**REQUIRED WORK**
Leave the pictures in the listing below aside and reproduce exactly the lines starting with the one with "This GG Marmont" and going on through the one with "超級(jí)地板的漆膜緊緊鎖", both ends included.

**EXERCISE MATERIAL**

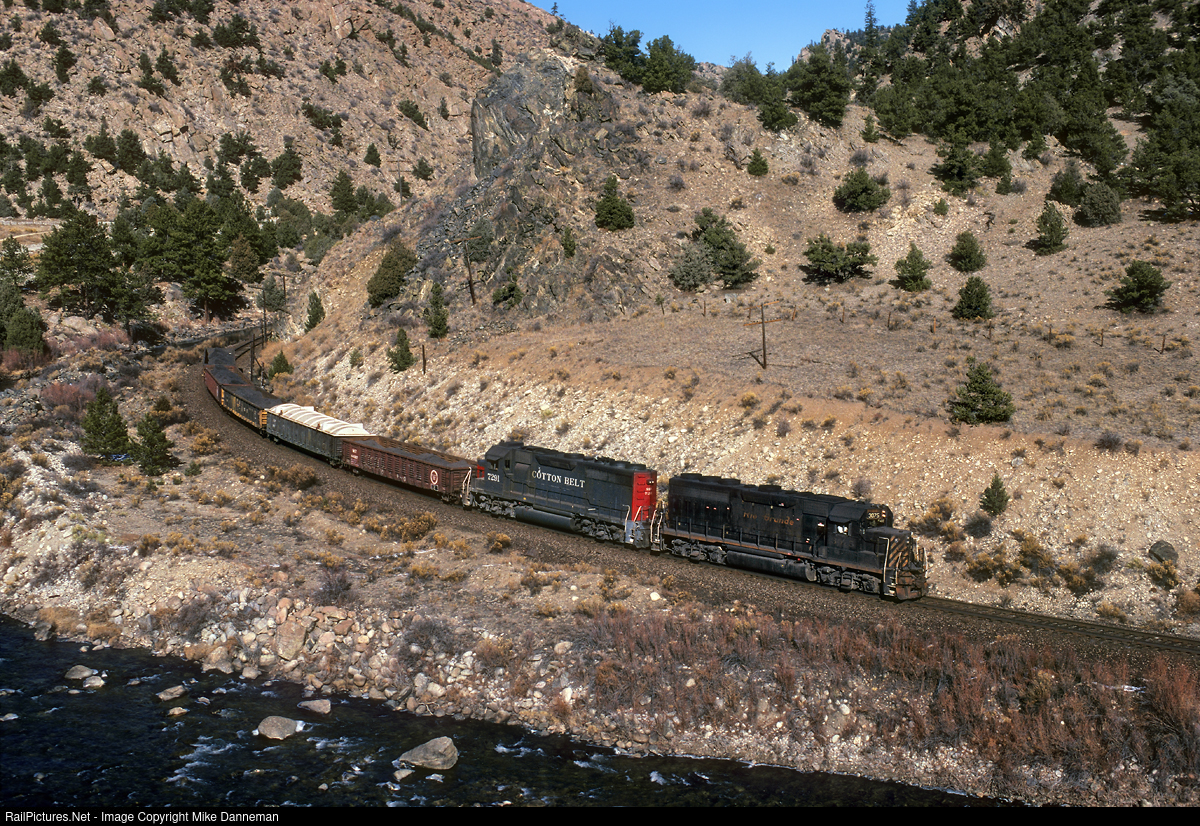 On January 9, 1998, Rio Grande GP40 No. 3075 and Cotton Belt GP40-2 No. 7291 power a five-car local of zinc concentrate along the Arkansas River through Browns Canyon, Colorado. For a year-and-a-half after Union Pacific closed Colorado’s Tennessee Pass as a through route on August 23, 1997, it still operated a one-a-week local from Pueblo to Malta, near Leadville, on a round trip that took two days.
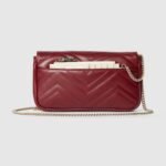 This GG Marmont mini bag is crafted from the new Gucci Rosso Ancora red matelass?? chevron leather. The signature Double G hardware in a lighter gold-toned defines the accessory, while a detachable leather card case completes the style in contrasting white leather.
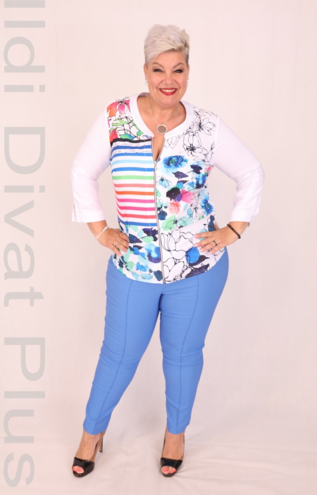 Fehér alapon virágmintás, cipzáras blúz.
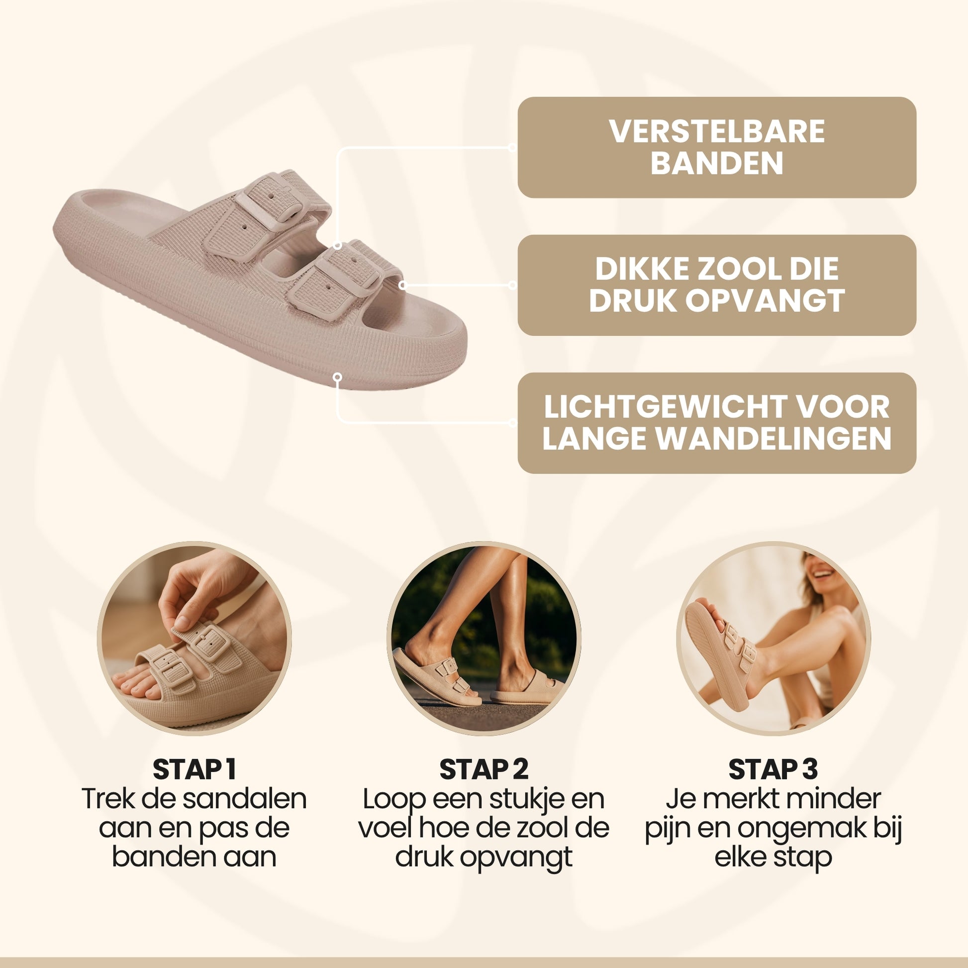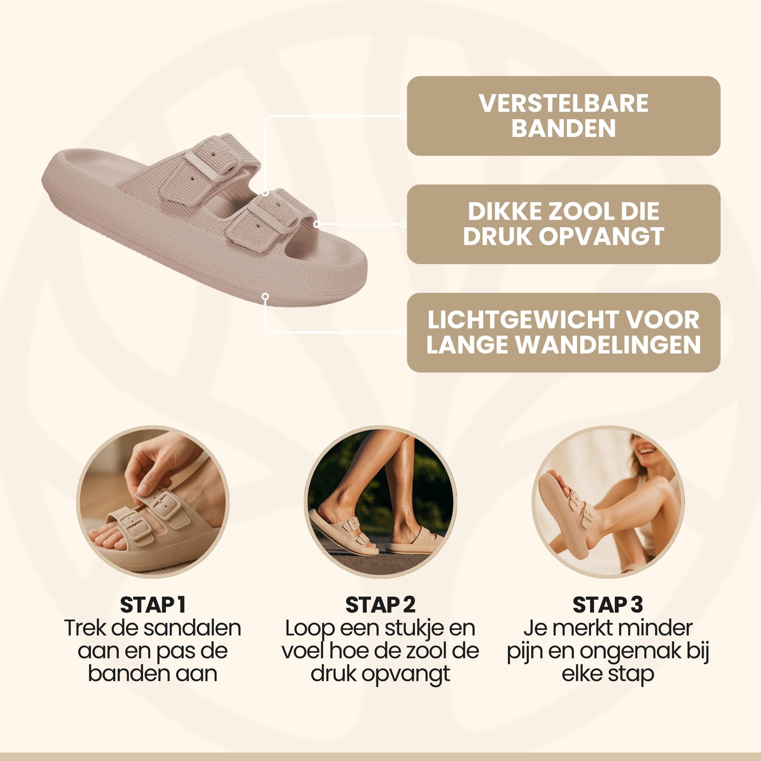 Na een dag boodschappen doen of een wandeling voel je het meteen: branderige zolen, strakke banden en pijnlijke drukplekken. Je voeten lijken alles op te vangen. Je merkt dat gewone slippers gewoon niet genoeg doen. En dan komen de blaren meestal ook nog eens terug.
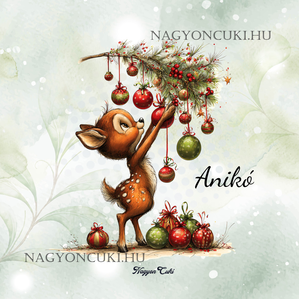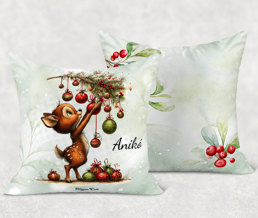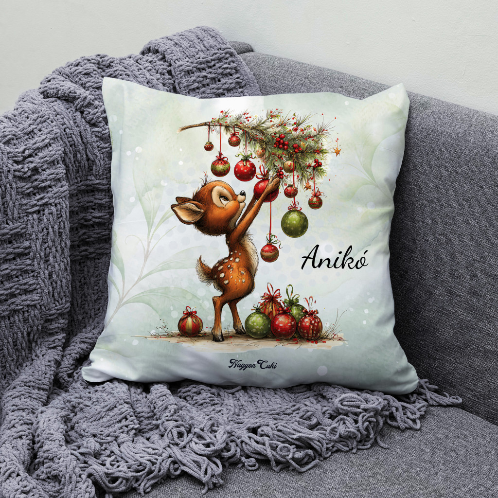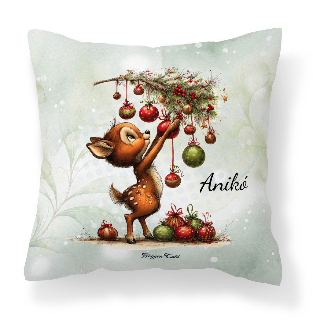 Névvel kérhető - Cuki karácsonyi őzike és a díszek mintás különleges és egyedi párna | Névre Szóló Karácsonyi Ajándék & Téli otthon dekor | nagyoncuki.hu
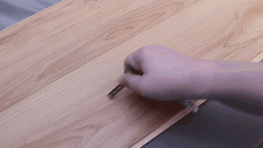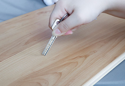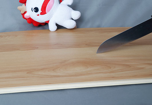 超級(jí)地板的漆膜緊緊鎖合在材料表面,形成了強(qiáng)有力的保護(hù)層,成年女性分別用鑰匙、剪刀和水果刀在地板表面來回摩擦剮蹭,均未留下刮痕。據(jù)了解,超級(jí)地板在耐磨性能上提升到普通地板的2倍,耐磨級(jí)別高達(dá)10000轉(zhuǎn)以上。
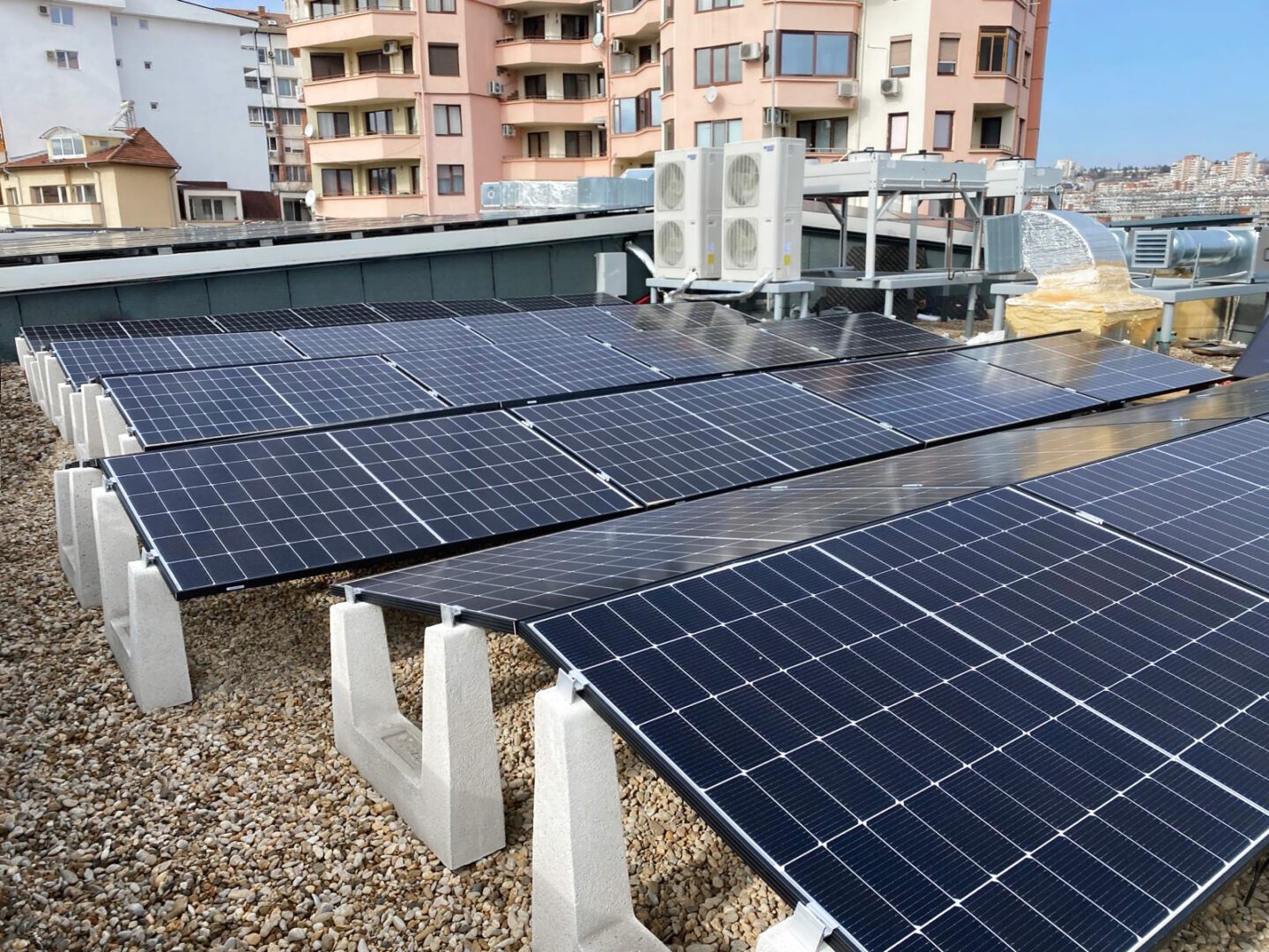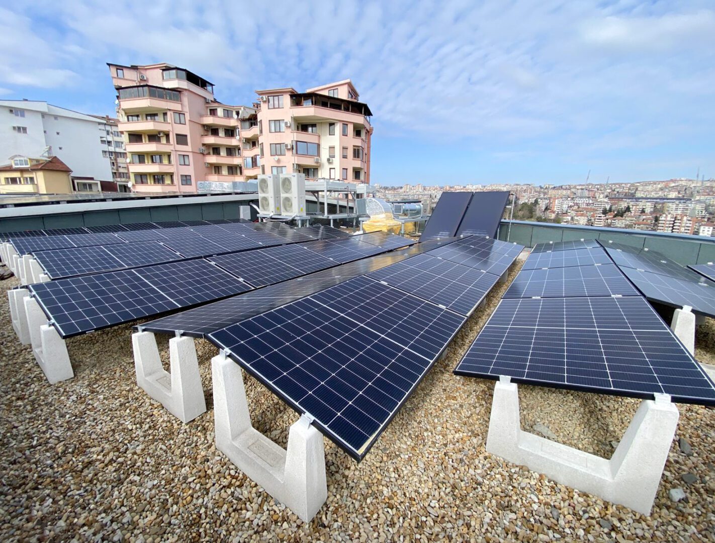 Réalisé à Veliko Tarnovo (Bulgarie) par notre client SMV Energy Ltd, ce système photovoltaïque sur toit plat a été installé sur le toit en gravier d’un bâtiment résidentiel, et grâce à la structure photovoltaïque Sun Ballast, les travaux d’installation ont été réalisés de manière simple, rapide et professionnelle. Les ballasts pour panneaux photovoltaïques ne nécessitent aucun ancrage au toit et ils sont compatibles avec n’importe quel matériau. Dans ce cas, le ballast en béton a été installé sur un toit en gravier et les ballasts ont été placés directement sur la couche de gravier, ce qui a permis de réduire au minimum le temps et les coûts d’installation.

**REPLY**
 This GG Marmont mini bag is crafted from the new Gucci Rosso Ancora red matelass?? chevron leather. The signature Double G hardware in a lighter gold-toned defines the accessory, while a detachable leather card case completes the style in contrasting white leather.
 Fehér alapon virágmintás, cipzáras blúz.
 Na een dag boodschappen doen of een wandeling voel je het meteen: branderige zolen, strakke banden en pijnlijke drukplekken. Je voeten lijken alles op te vangen. Je merkt dat gewone slippers gewoon niet genoeg doen. En dan komen de blaren meestal ook nog eens terug.
 Névvel kérhető - Cuki karácsonyi őzike és a díszek mintás különleges és egyedi párna | Névre Szóló Karácsonyi Ajándék & Téli otthon dekor | nagyoncuki.hu
 超級(jí)地板的漆膜緊緊鎖合在材料表面,形成了強(qiáng)有力的保護(hù)層,成年女性分別用鑰匙、剪刀和水果刀在地板表面來回摩擦剮蹭,均未留下刮痕。據(jù)了解,超級(jí)地板在耐磨性能上提升到普通地板的2倍,耐磨級(jí)別高達(dá)10000轉(zhuǎn)以上。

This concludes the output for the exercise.